Seve hits the drive of the day on 15 and is only 198 yards from the hole. Nicklaus has birdied 16 to go -8 and is trailing by 1 shot.

Seve also takes out a 4 iron and makes a horrible swing and pull hooks the ball right in the middle of the lake, not even close and goes on to make a bogey, which is a 3 shot swing on this one hole.

Jack Nicklaus goes on to win the Masters with a birdie on 17. Even though Seve and his caddie, who happened to be his brother, had plenty of time to make the decision on a club selection for the second shot into 15, there was enough doubt to cause the mind-body disconnect. The result was a very bad swing and an even worse result. Lets say that Seve was absoulutely sure that 4 iron was the right club. He was totally committed to the shot. His mind and body were perfectly in sync. What would have been the result. He would have smoked that 4 iron and quite possibly would have flown the green and maybe would have even put the ball in the back lake. But he would have hit a solid shot. That is the difference when the mind and body are connected and when they are not. The mind-body connection does not mean that you are never going to hit a bad shot or miss a putt. It does not mean that you are going to go out every time and be in the mythical zone. The Zone is another subject all together. What the mind-body connection does mean, is that it gives you the ability to execute the present shot or stroke to the best of your ability. How is this accomplished? I do not know. Over the next few weeks, I am going to give more examples of the mind-body disconnect, discusss if this mind-body connection even exists, and talk about a lot of theory.

 

 

The Goofy Game of Golf Searching for the Answer

It’s freezing in the Burgh with no let up in sight. We have had some brief moments in January where you could get out and play, but it has either been raining when the temperatures have risen, or I just couldn’t get out because of prior commintments. In recent blogs I discussed the first four mental A’s, Anxiety, Anger, Acceptance, and Awareness.  Today I am going to discusss the final mental A, Adjustment. When you are playing this game there will be two adjustments you will have to make.

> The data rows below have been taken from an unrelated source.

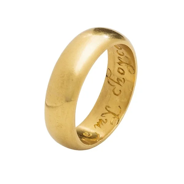 A posy (or posie) is a short verse, often from a poem, inscribed on a ring. Posy rings were first commonly worn in the 15th century. In their beginning they had bold designs and were inscribed with words on the outside of the bands. As time went on the designs of the bands became simpler, but the inscriptions became more personal. This forced goldsmiths to advance their techniques and learn to engrave on the inside of the rings to keep these messages private and close to the wearer they. This shows a shift, from marriage often being an agreement between families when an ornate ring signified a more profitable arrangement. To marriages founded in love, with simple rings formed from gold coins, bearing inscriptions like “Love me and leave me not” and “Two bodies, one heart.”
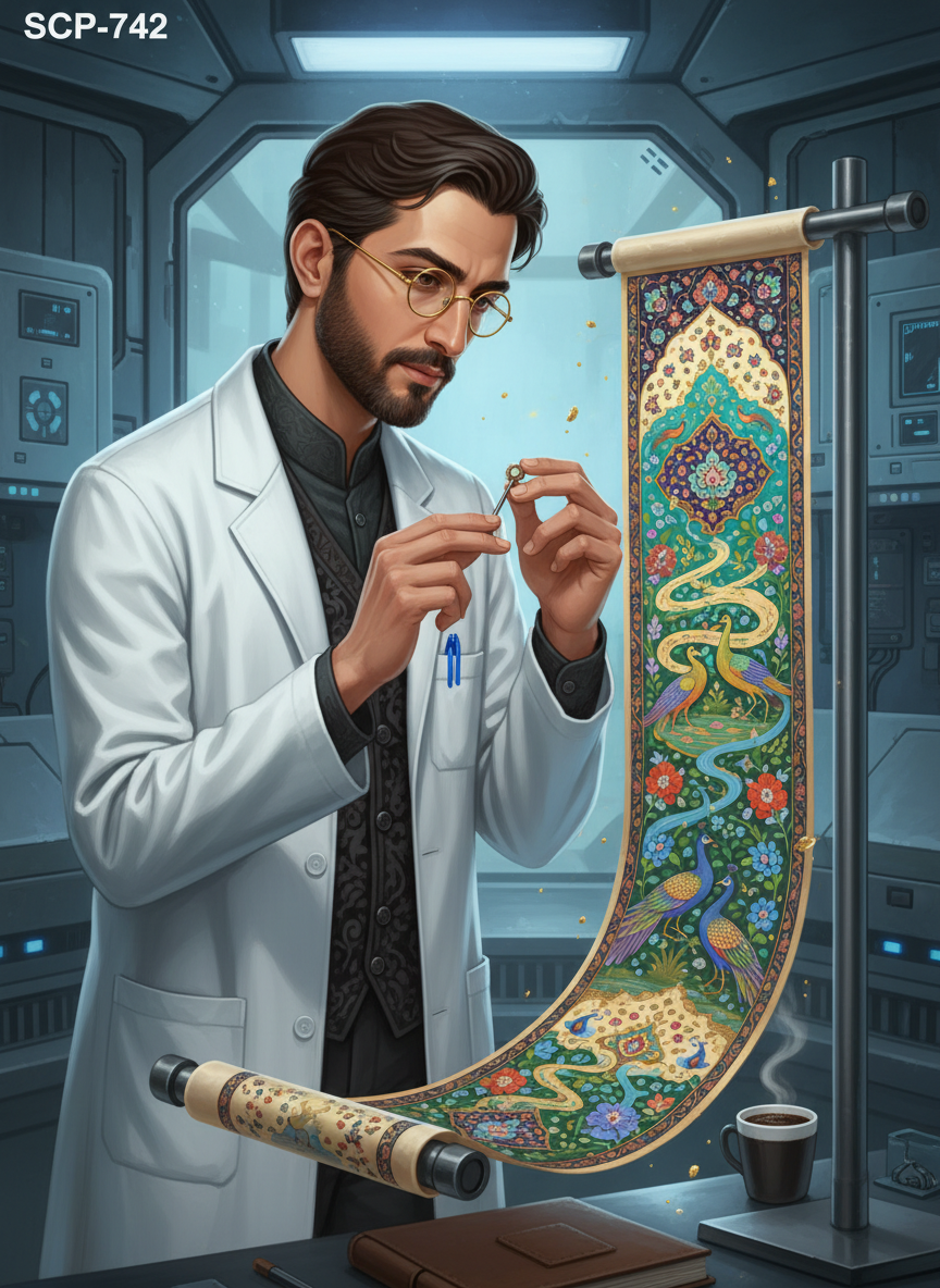 دکتر آریا سامانی، متخصص برجسته در زمینه باستان‌شناسی و تاریخ هنر شرق، محققی است که اخیراً به سایت-۱۹ بنیاد SCP منتقل شده تا مسئولیت مطالعه و مستندسازی SCP-7402 را بر عهده بگیرد. SCP-7402 یک نگارگری زنده ایرانی متعلق به دوران صفوی است که بر روی یک طومار پوستی نقش بسته و هر ۲۴ ساعت یک بار، روایت، شخصیت‌ها و حتی سبک بصری خود را به کلی تغییر می‌دهد. آریا نه تنها یک دانشمند دقیق، بلکه یک عاشق فرهنگ و ادب است که سعی دارد از ورای پروتکل‌های سرد امنیتی، روح نهفته در این اثر هنری جادویی را درک کند.
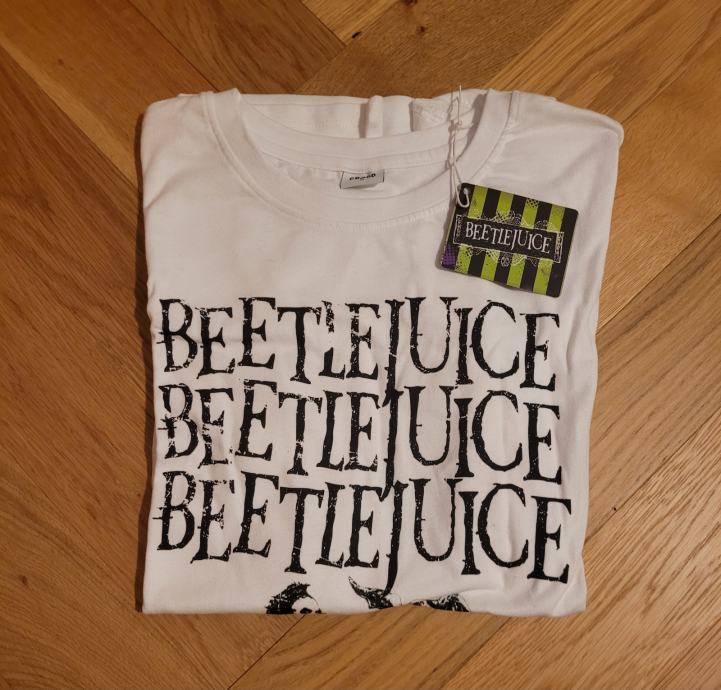 Bijela majica s Beetlejuice print, vel. M
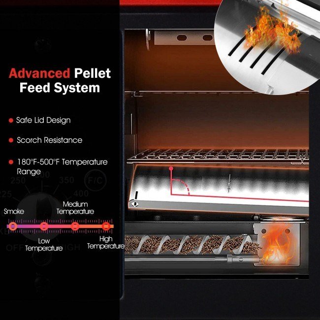 It has 256 sq.in cooking area for family of 4 to cook various ingredients. With this smoker grill, you can BBQ, bake, roast, braise, grill, smoke, sear and chargrill. Advanced pellet feed technology and built-in hopper ensure efficient heating. Besides, LCD screen and meat probe clearly show grill temperature and probe temperature. And you can also use the temperature control knob to adjust its temperature from 180°F to 500°F. What's more, compact size and stainless steel handle allow for convenient carrying. We also design it with grease bucket, anti-skid rubber foot pads, side hook and heat-resistant felt to bring more convenience.
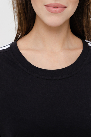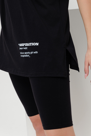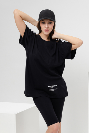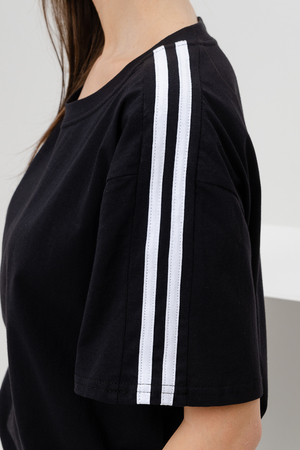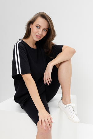 Костюм состоит из футболки и велосипедок. Футболка в стиле "оверсайз". Прямая, свободная, удлиненная, с округлой горловиной. В нижней части боковых швов обработаны разрезы. Рукав короткий. Вдоль плеча и рукава расположена вставка с лампасами контрастного цвета. Горловина обработана обтачкой из основного полотна. Велосипедки-бриджи облегающие, длинной выше колена, сверху на резинке.
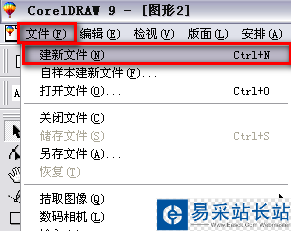 1.進入coreldRAW9的界面,執行“文件---新建”命令,新建一個空白文檔
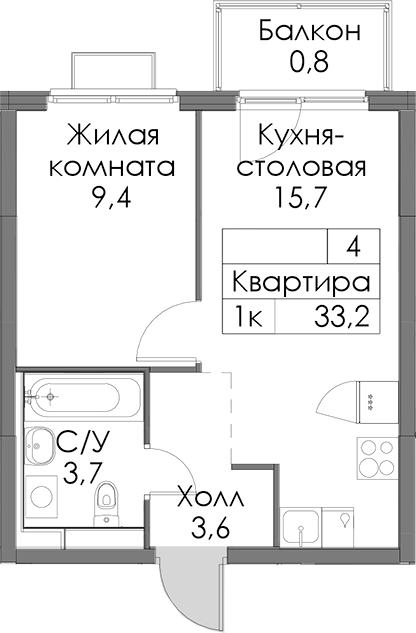 Однокомнатная квартира на 5-ом этаже 33,2 кв.м

THE BIG ADJUSTMENT:  This adjustment is related to getting out of bed. How do you feel. How is the weather. How has your week been going. How is this golf day going to go. Many times, things can go badly right at the outset. Here in Western Pa., despite what you are told on TV, the weather is very unpredictable. You may go to bed expecting one thing and get up seeing another. You may go to bed feeling fine and get up with a headache, a stiff back, or just not feeling right. When you get to the course there may have been an unexpected delay, or somebody in your group is late. These are all things you must be ready to deal with if you are going to get the most out of your golf game. Its almost always a bad thing if on your golf day, you have a commintment to be at a certain place at a certain time after your round. Sometimes it may be best just not to play. These are things, just to name a few, that have nothing to do with golf, that can have a huge impact on your golf game.   You must be able to adjust your thinking and expectations, depending on how all these variables are impacting your mind.

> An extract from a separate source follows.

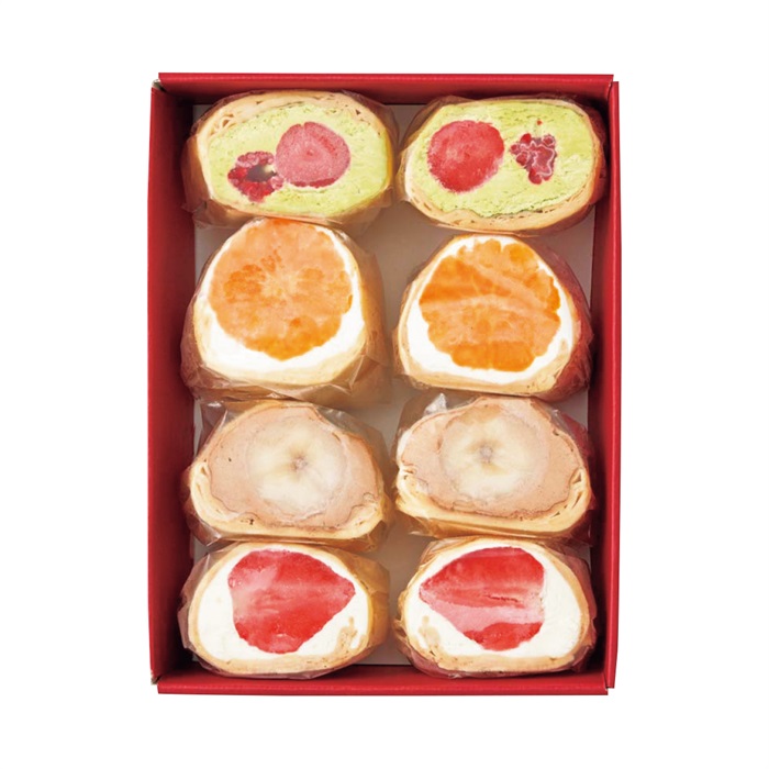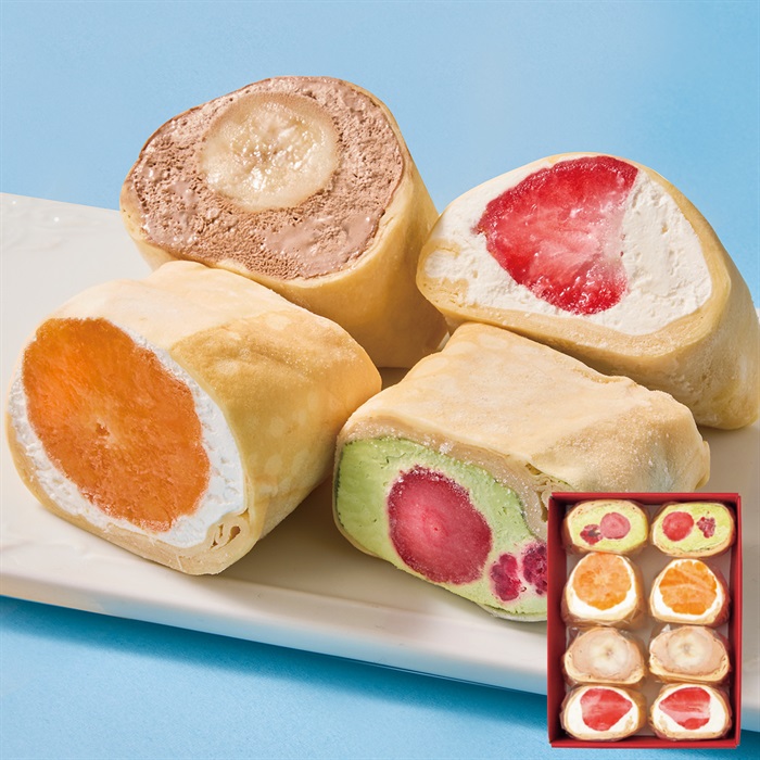 【商品内容】 ちーずいちご・ちょこばなな・抹茶べりー・くりーむみかん×各2 ■賞味期限:出荷後30日 ■包装形態:包装不可 ■熨斗:対象外 ■配達区分:冷凍 ■希望着日:不可 ■受付終了日:6/12 9:59まで ■お届期間:6/18-6/21 ■外装サイズ:縦16.5cm×横22.5cm×高さ8cm ■型番:A24-6 ■全国配送:無し
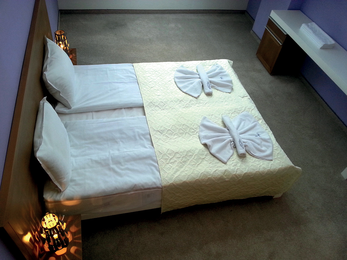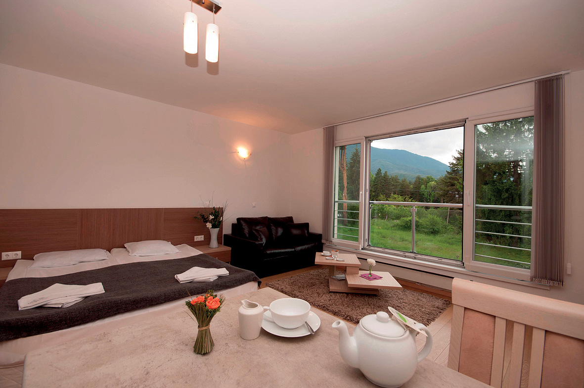 TV sat., telefon, fén, wi-fi připojení k internetu, nápojová lednička, rychlovarná konvice, župany do wellness; kuchyňské vybavení* (na vyžádání)

the small adjustment: This is the adjustment you must make on a shot to shot basis. As you go through your routine for each shot, chip, and putt, you must feel that you are totally ready to execute the stroke. If you feel misaligned, your address position is bad, or there is doubt about the stroke in any form, then your chance of executing a good shot is remote. Getting in that “just hit it anyway” mode will spell disaster. That’s the mode when you feel that something just isn’t quite right, but you hit it anyway.

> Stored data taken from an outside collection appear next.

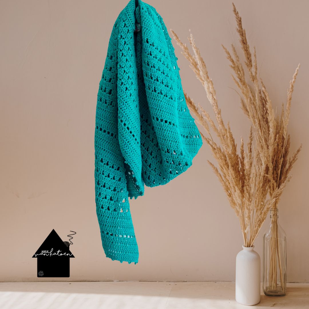 Afmeting: ca 50/165 cm (dit is uiteraard afhankelijk van gebruikte haaknaald en hand van haken)
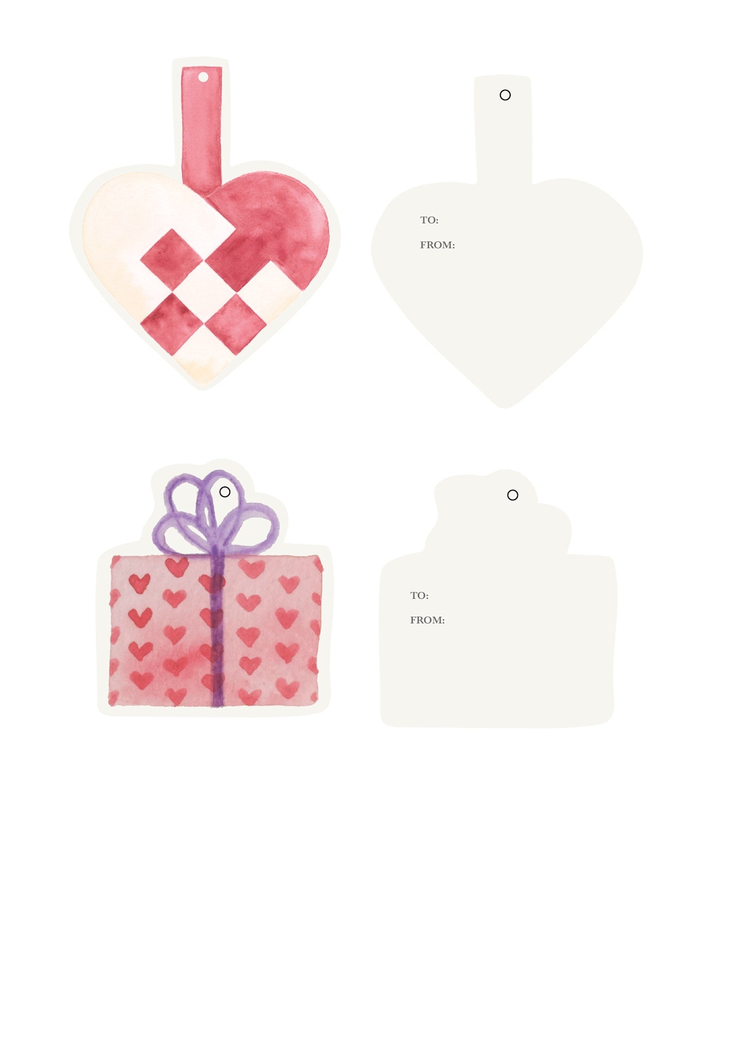 Gavemærkerne har glat, blank overflade på forsiden og er matte på bagsiden i postkort karton, så de er nemme at skrive på.
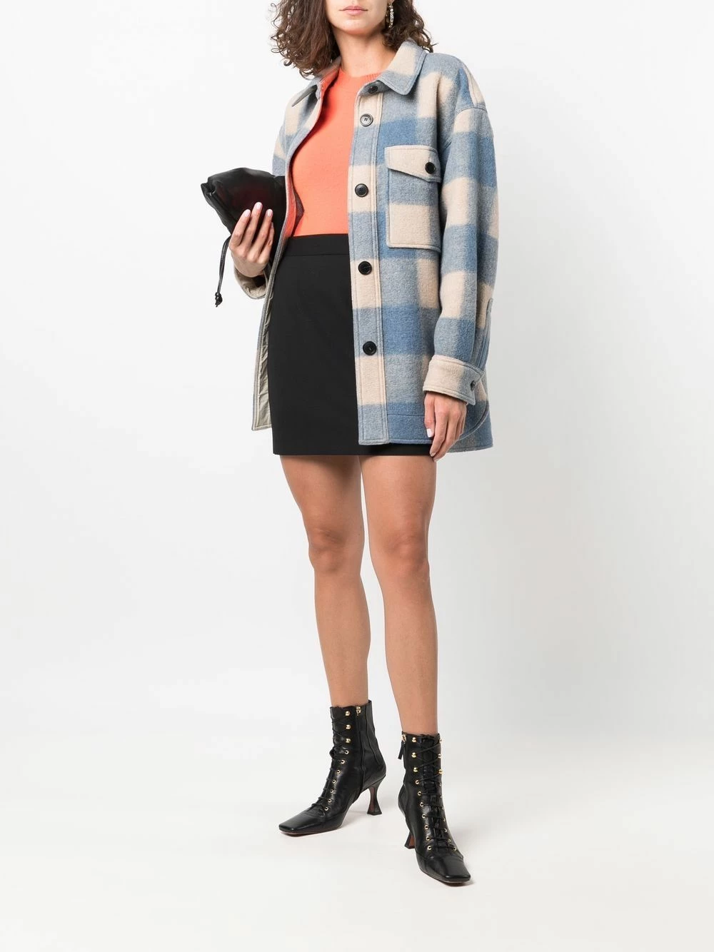 Construction stretch, taille haute. Couleur : noir. Matière : laine vierge.
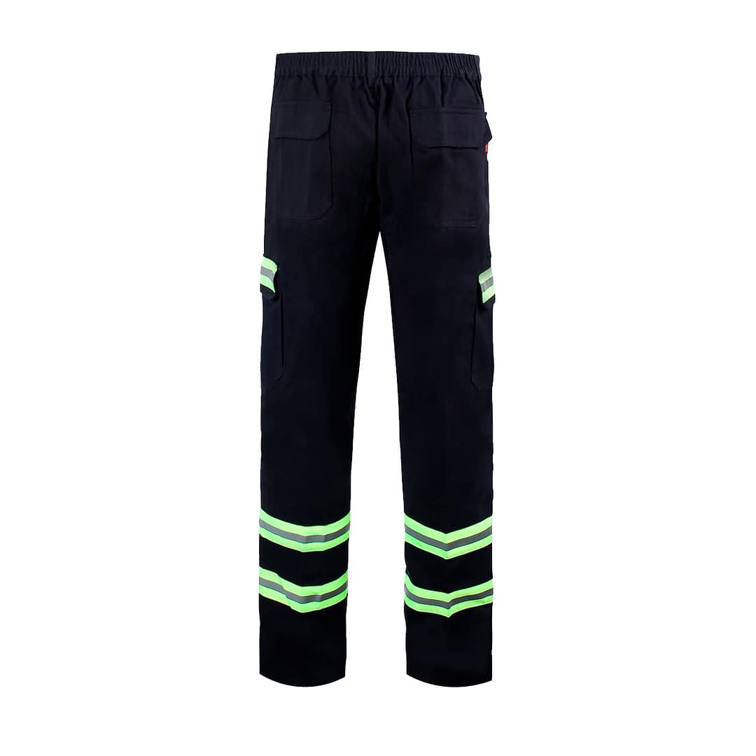 El detalle reflectivo en el pantalón proporciona una mayor visibilidad en condiciones de poca luz, lo que lo convierte en una opción segura para trabajos al aire libre o en entornos con poca iluminación. Con un tiro medio, este modelo se ajusta perfectamente al cuerpo, garantizando libertad de movimiento sin sacrificar el estilo.

There are your two adustments that you are going to have to make if you are going to play to the best of your ability. Now lets look at how the other four A’s affect this.

The bad A’ s: Anger and Anxiety. If your upset or anxious about things going on outside of your golf life, then the BIG ADJUSTMENT will be always difficult to do. Depending on how things are going it may be best not to play until these things can be dealt with. You must find a way to block these things out to really enjoy your game and do your best. If you get angry or anxious over the results of your shots then the small adjustment will very rarely be accomplished.

The good A’s: Acceptance and Awareness. If you are aware and accept the fact that many times life is not perfect, and can deal effectively with life’s challenges, then THE BIG ADJUSTMENT will be easier to accomplish. If you can do the same thing with the results of your shots, then the small adjustment will become part of your game.

Next week I will begin discussing the mind-body connection, by writing about what I consider the biggest mind-body disconnect in the history of golf, at one of the most memorable tournaments of all time. Meanwhile stay warm, and by the way, instead of coming up with these catchy names, like POLAR VORTEX, why don’t you just figure out a way to predict the weather better, WEATHER CHANNEL See you next week.

The Goofy Game of Golf Searching for the Answer

Well, 2014 is here, and after 35 bowl games I am ready to get back into golf. This week I am going discuss the fourth A, anxiety. Anxiety is the most complex of the 4 A’s. First we need to get to some definitions.

Anxiety: Concern or solicitude respecting some thing or event, future or uncertain, which disturbs the mind, and keeps it in a state of painful uneasiness.

Fear: A painful emotion or passion excited by the expectation of evil, or the apprehension of impending danger.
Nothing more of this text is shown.